With both ends included, repeat exactly the lines of the entries below from the one containing "Princess Sugar Ribbon" down to the one containing "If you’re feeling", and no others.

** Opening THE RECORDS block **

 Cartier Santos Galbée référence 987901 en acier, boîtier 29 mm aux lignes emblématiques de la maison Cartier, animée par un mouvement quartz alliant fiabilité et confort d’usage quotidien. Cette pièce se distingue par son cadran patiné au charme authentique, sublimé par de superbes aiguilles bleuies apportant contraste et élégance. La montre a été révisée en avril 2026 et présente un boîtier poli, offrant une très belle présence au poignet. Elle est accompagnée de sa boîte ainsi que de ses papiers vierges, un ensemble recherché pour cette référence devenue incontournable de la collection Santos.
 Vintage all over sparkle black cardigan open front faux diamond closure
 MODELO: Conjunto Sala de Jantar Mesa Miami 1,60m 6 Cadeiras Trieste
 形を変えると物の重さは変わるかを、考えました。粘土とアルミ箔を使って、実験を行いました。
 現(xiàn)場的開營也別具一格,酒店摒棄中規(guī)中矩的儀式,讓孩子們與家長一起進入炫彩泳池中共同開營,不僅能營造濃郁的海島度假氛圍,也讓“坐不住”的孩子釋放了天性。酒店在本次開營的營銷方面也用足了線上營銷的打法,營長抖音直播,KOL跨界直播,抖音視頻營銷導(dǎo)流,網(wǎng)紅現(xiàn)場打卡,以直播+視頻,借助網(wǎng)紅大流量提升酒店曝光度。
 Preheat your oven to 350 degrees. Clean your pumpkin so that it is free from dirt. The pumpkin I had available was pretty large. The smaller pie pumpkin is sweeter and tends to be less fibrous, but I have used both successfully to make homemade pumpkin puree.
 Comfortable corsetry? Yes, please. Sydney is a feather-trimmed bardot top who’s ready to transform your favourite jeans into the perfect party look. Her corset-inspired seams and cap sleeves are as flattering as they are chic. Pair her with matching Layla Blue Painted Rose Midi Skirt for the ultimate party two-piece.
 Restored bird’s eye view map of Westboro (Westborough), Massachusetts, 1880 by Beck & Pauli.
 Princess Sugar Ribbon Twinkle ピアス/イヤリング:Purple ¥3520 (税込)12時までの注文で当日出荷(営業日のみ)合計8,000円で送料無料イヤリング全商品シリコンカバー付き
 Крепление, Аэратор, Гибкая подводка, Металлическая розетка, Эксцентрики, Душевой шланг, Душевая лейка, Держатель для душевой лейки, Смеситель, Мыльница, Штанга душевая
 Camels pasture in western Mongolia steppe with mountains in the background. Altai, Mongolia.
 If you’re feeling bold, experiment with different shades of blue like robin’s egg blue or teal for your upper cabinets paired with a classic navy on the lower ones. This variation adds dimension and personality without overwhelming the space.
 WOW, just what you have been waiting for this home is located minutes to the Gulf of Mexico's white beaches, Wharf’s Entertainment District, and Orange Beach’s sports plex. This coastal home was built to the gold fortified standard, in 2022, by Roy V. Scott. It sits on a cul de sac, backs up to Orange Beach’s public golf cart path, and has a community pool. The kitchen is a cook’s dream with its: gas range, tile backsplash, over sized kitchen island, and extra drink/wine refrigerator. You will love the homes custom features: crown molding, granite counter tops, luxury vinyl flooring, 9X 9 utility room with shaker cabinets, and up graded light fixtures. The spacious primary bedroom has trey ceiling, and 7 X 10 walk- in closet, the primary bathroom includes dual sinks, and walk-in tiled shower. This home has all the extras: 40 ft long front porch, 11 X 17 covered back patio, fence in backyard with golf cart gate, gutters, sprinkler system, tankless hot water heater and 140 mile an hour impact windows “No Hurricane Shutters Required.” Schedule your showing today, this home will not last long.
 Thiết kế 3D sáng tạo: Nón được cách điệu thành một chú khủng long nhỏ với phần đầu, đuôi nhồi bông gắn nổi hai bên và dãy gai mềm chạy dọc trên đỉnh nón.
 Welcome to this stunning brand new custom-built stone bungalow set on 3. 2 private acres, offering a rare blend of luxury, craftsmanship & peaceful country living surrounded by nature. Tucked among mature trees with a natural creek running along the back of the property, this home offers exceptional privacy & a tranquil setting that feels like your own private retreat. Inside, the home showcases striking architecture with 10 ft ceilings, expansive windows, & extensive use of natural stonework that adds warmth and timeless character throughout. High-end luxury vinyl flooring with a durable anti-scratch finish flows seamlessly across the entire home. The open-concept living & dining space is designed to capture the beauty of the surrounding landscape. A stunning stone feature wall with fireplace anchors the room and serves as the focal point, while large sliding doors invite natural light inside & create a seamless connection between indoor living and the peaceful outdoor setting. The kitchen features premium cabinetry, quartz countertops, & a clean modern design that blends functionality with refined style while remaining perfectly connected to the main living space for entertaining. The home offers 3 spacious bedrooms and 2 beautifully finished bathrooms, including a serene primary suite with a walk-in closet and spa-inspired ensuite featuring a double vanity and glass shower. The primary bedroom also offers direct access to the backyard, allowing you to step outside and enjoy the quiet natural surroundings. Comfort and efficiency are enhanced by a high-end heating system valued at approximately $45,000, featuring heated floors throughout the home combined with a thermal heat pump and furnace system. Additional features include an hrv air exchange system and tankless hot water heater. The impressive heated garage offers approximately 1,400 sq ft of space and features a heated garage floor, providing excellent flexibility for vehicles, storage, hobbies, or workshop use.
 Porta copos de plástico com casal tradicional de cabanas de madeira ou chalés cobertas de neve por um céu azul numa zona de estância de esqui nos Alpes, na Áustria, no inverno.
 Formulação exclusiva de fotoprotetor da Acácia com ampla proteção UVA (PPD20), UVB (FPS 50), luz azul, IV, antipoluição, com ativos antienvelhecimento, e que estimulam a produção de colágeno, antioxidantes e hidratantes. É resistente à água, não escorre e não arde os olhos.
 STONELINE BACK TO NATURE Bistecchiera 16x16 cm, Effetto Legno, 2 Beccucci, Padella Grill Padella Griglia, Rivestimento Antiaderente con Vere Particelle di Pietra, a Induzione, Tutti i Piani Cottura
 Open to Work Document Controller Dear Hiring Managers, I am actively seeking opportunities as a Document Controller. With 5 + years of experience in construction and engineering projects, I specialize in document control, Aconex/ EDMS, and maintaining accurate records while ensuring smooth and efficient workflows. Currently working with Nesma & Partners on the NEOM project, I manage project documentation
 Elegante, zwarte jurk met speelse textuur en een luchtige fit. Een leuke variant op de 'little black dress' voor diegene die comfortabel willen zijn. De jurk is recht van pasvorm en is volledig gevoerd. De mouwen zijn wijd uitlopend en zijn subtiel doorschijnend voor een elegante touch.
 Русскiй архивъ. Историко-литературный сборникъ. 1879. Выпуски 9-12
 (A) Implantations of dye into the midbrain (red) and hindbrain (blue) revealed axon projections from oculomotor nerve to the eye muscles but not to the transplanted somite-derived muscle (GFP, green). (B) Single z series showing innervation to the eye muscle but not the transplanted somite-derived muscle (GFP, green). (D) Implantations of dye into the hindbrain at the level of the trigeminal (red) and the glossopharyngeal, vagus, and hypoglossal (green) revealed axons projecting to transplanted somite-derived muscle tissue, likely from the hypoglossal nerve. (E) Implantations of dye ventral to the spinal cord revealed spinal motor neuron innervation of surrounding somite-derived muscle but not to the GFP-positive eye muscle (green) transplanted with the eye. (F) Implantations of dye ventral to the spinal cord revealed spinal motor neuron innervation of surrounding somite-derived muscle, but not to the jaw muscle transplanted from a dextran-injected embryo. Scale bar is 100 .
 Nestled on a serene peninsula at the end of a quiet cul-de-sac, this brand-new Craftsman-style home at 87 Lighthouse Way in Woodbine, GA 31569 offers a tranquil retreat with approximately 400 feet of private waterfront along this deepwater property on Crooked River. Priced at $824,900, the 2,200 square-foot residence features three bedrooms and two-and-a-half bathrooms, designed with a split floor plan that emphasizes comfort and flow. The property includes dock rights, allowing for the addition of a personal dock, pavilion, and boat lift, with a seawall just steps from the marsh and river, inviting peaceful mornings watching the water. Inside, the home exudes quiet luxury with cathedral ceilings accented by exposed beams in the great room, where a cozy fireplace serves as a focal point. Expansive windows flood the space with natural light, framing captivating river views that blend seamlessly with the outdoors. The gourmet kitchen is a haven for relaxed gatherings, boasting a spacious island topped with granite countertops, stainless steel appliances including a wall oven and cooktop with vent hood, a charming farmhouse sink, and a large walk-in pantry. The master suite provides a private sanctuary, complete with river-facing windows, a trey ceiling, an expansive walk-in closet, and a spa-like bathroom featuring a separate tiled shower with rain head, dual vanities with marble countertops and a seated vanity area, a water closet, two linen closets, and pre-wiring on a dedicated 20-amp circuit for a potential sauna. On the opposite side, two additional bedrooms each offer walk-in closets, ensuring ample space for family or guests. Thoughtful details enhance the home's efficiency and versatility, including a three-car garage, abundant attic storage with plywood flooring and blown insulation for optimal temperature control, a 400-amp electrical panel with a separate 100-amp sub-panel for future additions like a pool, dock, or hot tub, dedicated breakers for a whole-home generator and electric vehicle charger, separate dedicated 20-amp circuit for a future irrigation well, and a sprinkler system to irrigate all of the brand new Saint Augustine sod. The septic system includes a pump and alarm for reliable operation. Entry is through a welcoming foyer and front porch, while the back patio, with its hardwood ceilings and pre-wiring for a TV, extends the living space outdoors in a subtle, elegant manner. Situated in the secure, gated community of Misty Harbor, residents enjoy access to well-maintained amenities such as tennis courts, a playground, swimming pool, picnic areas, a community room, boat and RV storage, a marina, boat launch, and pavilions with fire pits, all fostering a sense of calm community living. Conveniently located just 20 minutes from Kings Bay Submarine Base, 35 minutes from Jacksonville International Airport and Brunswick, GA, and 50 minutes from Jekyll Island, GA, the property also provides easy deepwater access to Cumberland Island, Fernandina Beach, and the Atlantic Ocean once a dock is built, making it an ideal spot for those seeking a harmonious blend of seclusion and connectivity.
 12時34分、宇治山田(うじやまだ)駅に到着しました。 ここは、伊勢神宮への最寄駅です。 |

** Closing THE RECORDS block **

**EXERCISE RESULT:**
 Princess Sugar Ribbon Twinkle ピアス/イヤリング:Purple ¥3520 (税込)12時までの注文で当日出荷(営業日のみ)合計8,000円で送料無料イヤリング全商品シリコンカバー付き
 Крепление, Аэратор, Гибкая подводка, Металлическая розетка, Эксцентрики, Душевой шланг, Душевая лейка, Держатель для душевой лейки, Смеситель, Мыльница, Штанга душевая
 Camels pasture in western Mongolia steppe with mountains in the background. Altai, Mongolia.
 If you’re feeling bold, experiment with different shades of blue like robin’s egg blue or teal for your upper cabinets paired with a classic navy on the lower ones. This variation adds dimension and personality without overwhelming the space.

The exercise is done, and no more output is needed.